▶ **Exercise details**: Under this line are the records; repeat exactly the lines starting at the one containing "Bạn có thể tham" and ending at the one containing "第八届iSEE全球奖也将继续", omitting pictures.

(Records from a data collection)
= Beginning of Section =

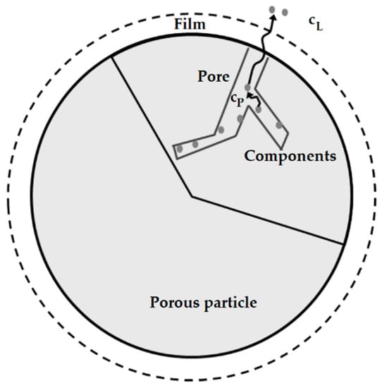 The pore diffusion model is used to describe the diffusion of the oil from the particle. It was originally developed for chromatography and is an extension of the diffusion model used in the literature. The expansion includes, as shown in Figure 7, the consideration of the plant particle porosity. Therefore, the pore diffusion model has a higher level of detail [12,27].
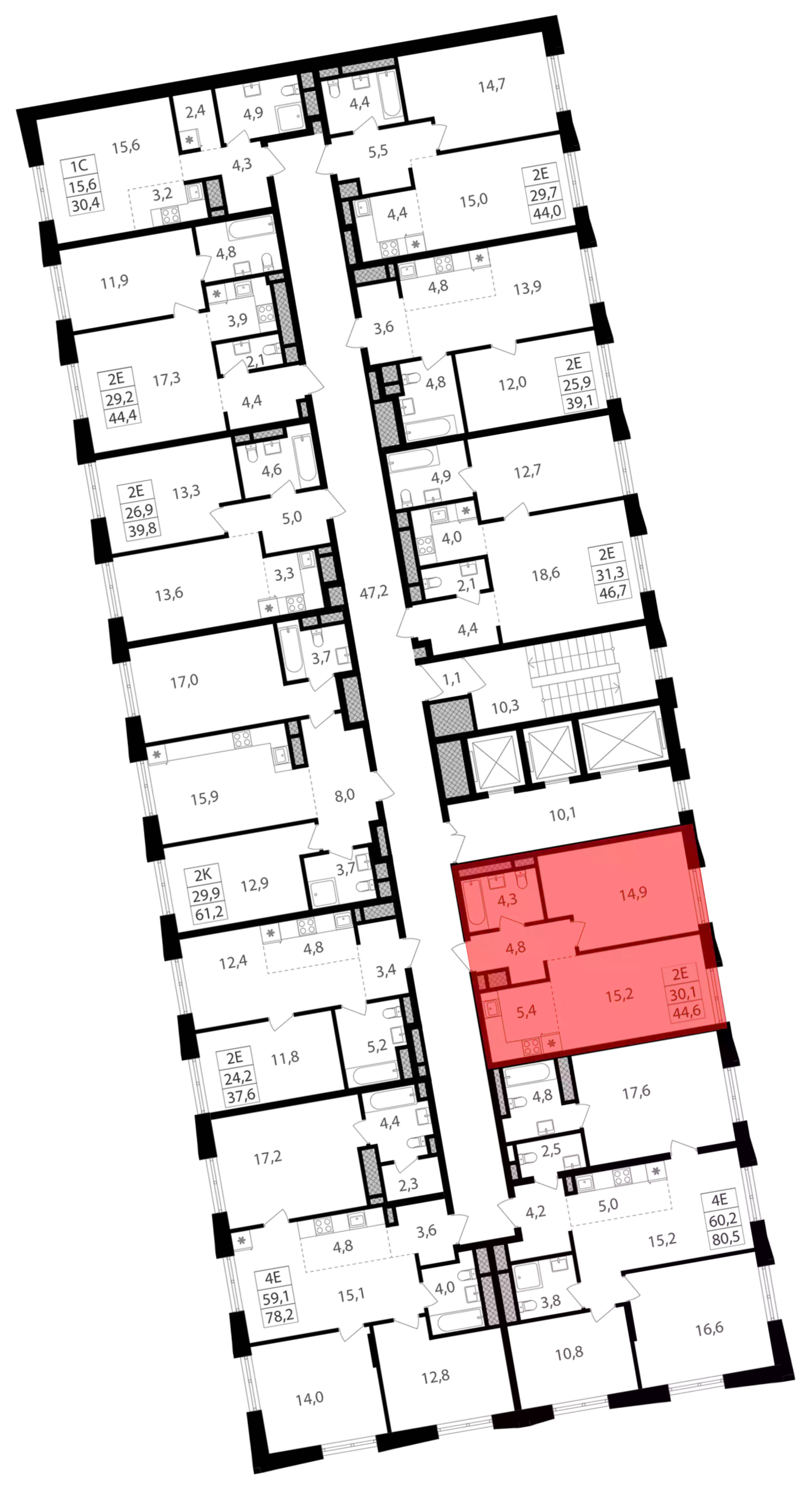 - Общая площадь 44.6 м²
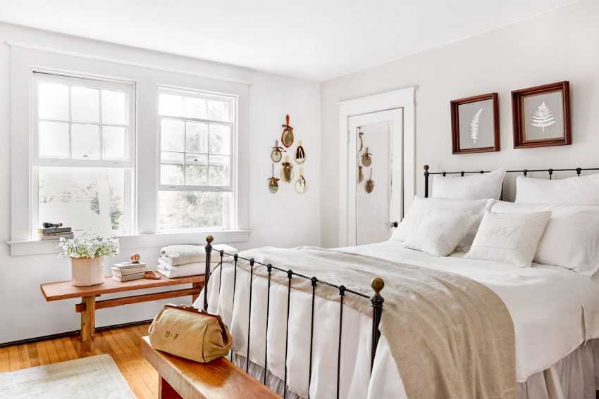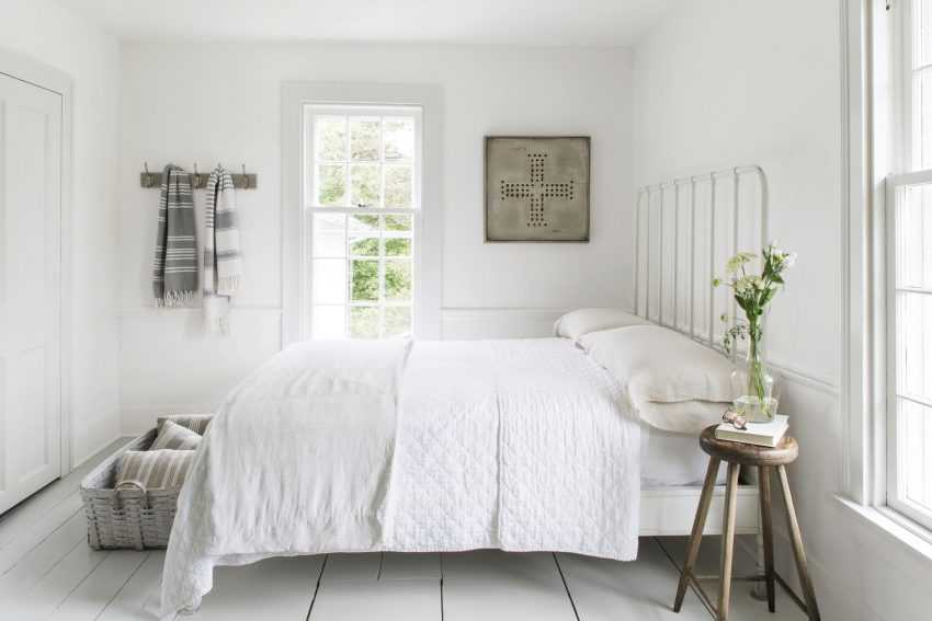 Благодаря доминированию белого цвета в интерьере можно добиться его визуального увеличения. Особенно полезно это будет для маленьких спален. Такой простой, но хитрый трюк поможет расширить абсолютно любую комнату.
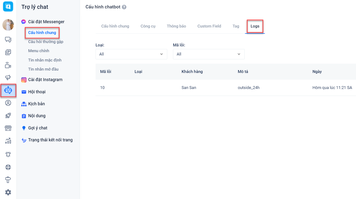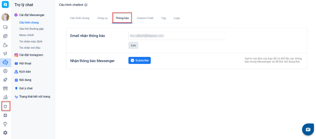 Bạn có thể tham khảo về các mục có trong Cấu hình chung chatbot tại đây.
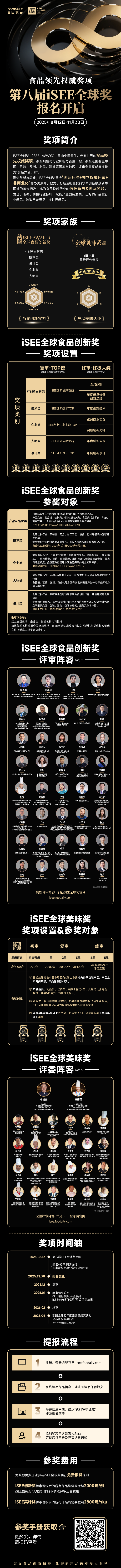 第八届iSEE全球奖也将继续秉承“彰显食品创新精神,让好的产品被更多人看见”的奖项使命,携手创新&美味标杆一起发声,放大奖项背书价值,赢取市场信任先机,链接行业优质资源,拉动品牌价值和增长潜力,共同引领产业变局!
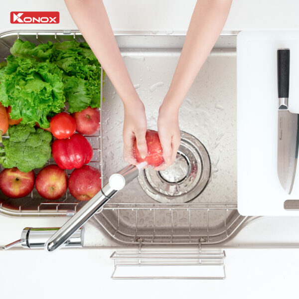 Với model Tari 9051SM, Konox ra mắt công nghệ xử lý bề mặt trơn mịn sở hữu độ bền, khả năng chống ăn mòn lý tưởng, an toàn với sức khỏe và 100% có thể tái chế, giữ vững độ bền và thẩm mỹ theo thời gian. Tari 9051SM với thiết kế bo tròn giúp dễ vệ sinh, đồng thời tạo cảm giác nhẹ nhàng, hài hòa trong tổng thể không gian.
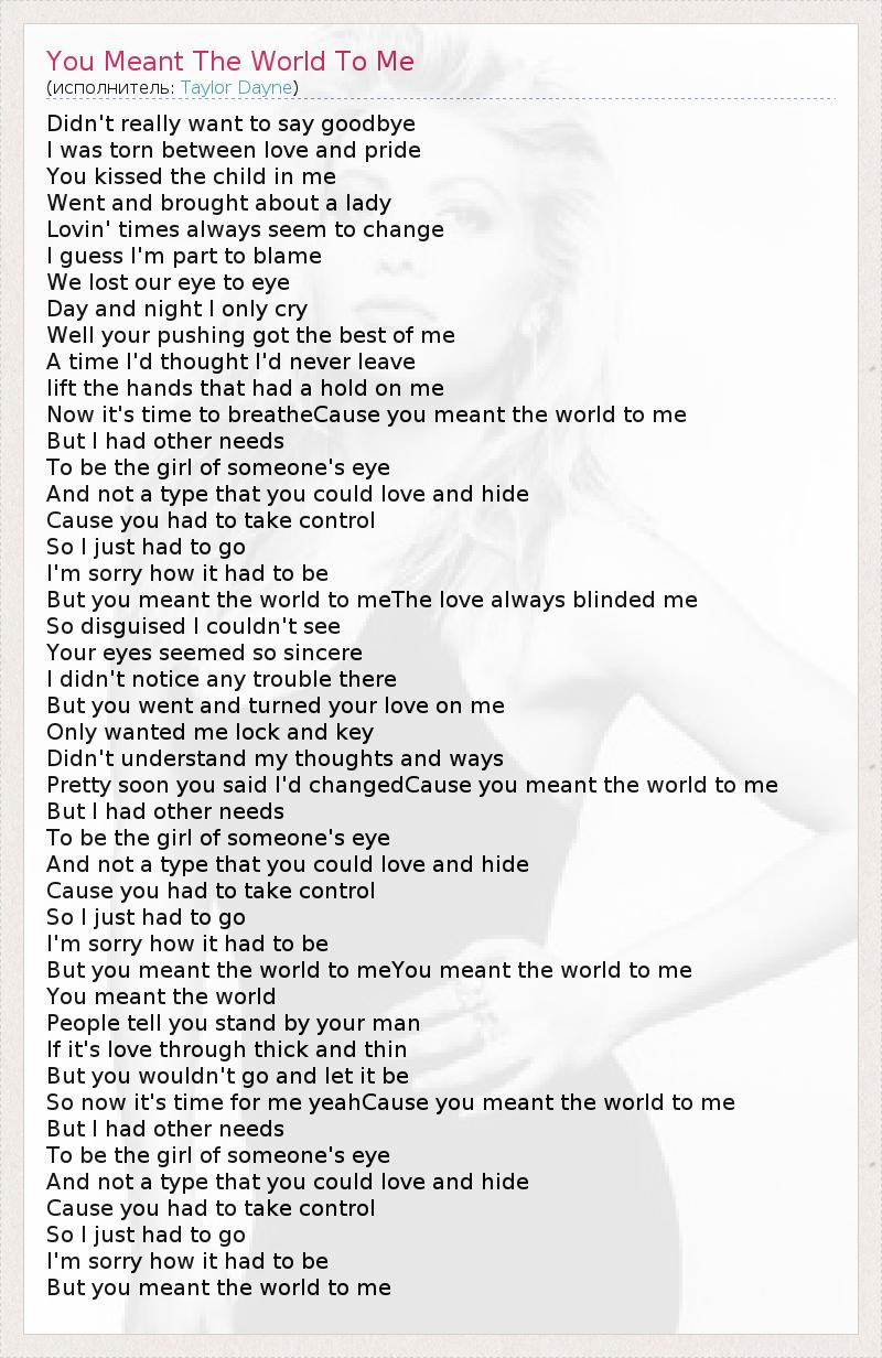 ГлавнаяИсполнителиTaylor DayneYou Meant The World To Me
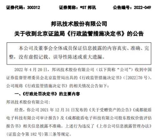 审计机构与*ST邦讯的意见不一致在此前就有迹可循。4月20日,*ST邦讯收到北京证监局出具的《行政监管措施决定书》显示,公司2021年12月31日发布《关于受赠资产的公告》《成都能盾审计报告》及《成都能盾股东股权价值评估报告书》的相关信息披露不准确,违反了《上市公司信息披露管理办法》的相关规定。
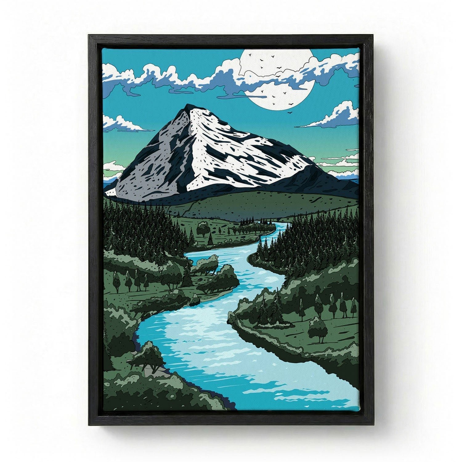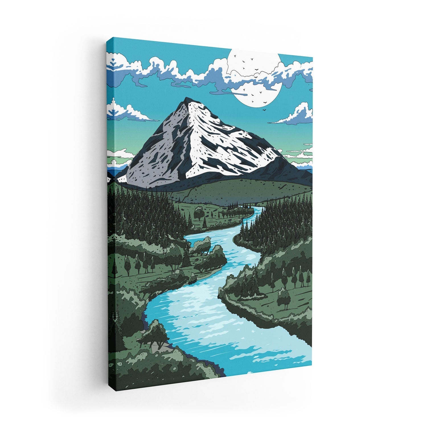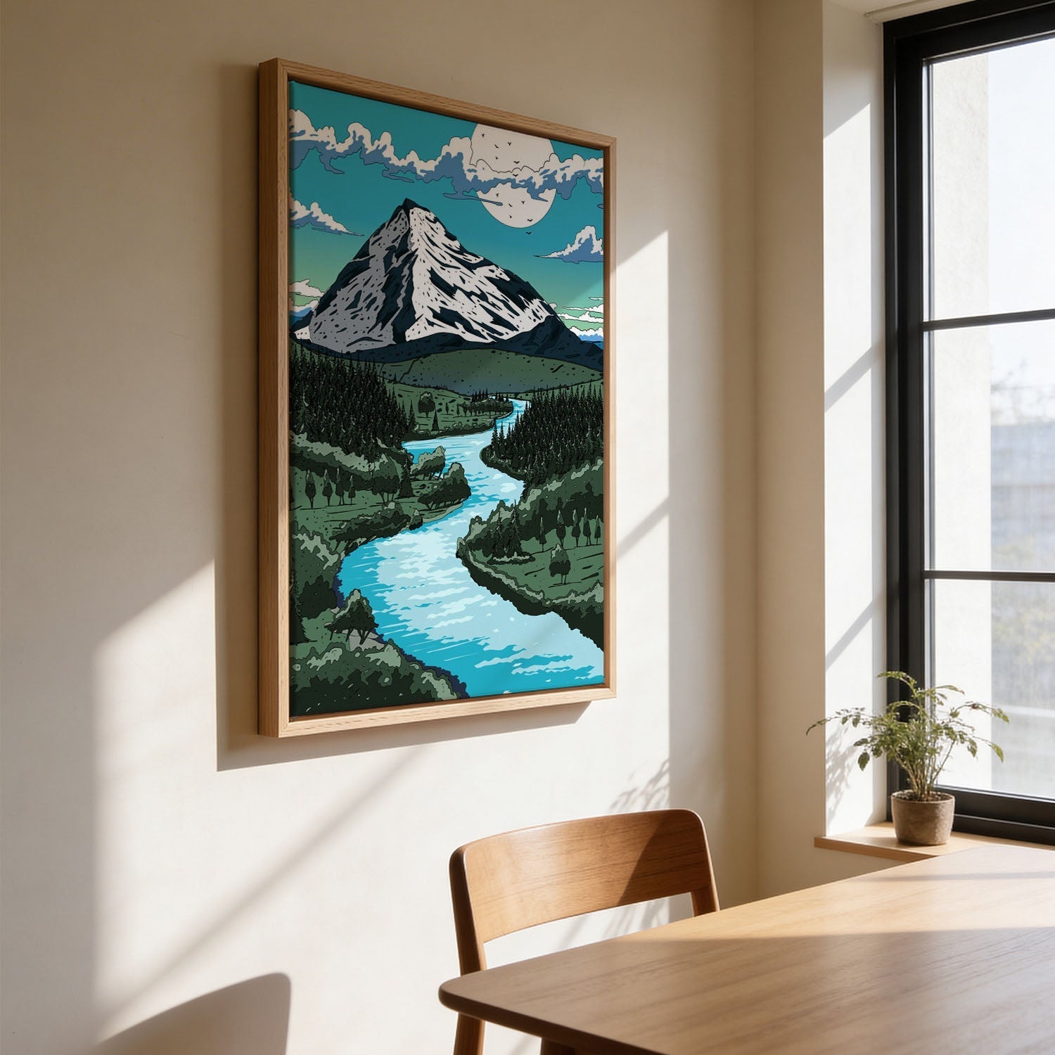 Su tela, le campiture piatte di Nicholas acquistano un peso materico reale — le cime stratificate e il fiume sinuoso si approfondiscono contro la trama, e la palette nostalgica si esprime con calore pittorico. La stampa su tela porta il dramma giocoso del paesaggio aperto con una presenza tattile concreta, trasformando un'illustrazione grafica in qualcosa di più vicino a un dipinto da studio sulla parete.

= End of Section =

▶ **Problem solution**:
 Bạn có thể tham khảo về các mục có trong Cấu hình chung chatbot tại đây.
 第八届iSEE全球奖也将继续秉承“彰显食品创新精神,让好的产品被更多人看见”的奖项使命,携手创新&美味标杆一起发声,放大奖项背书价值,赢取市场信任先机,链接行业优质资源,拉动品牌价值和增长潜力,共同引领产业变局!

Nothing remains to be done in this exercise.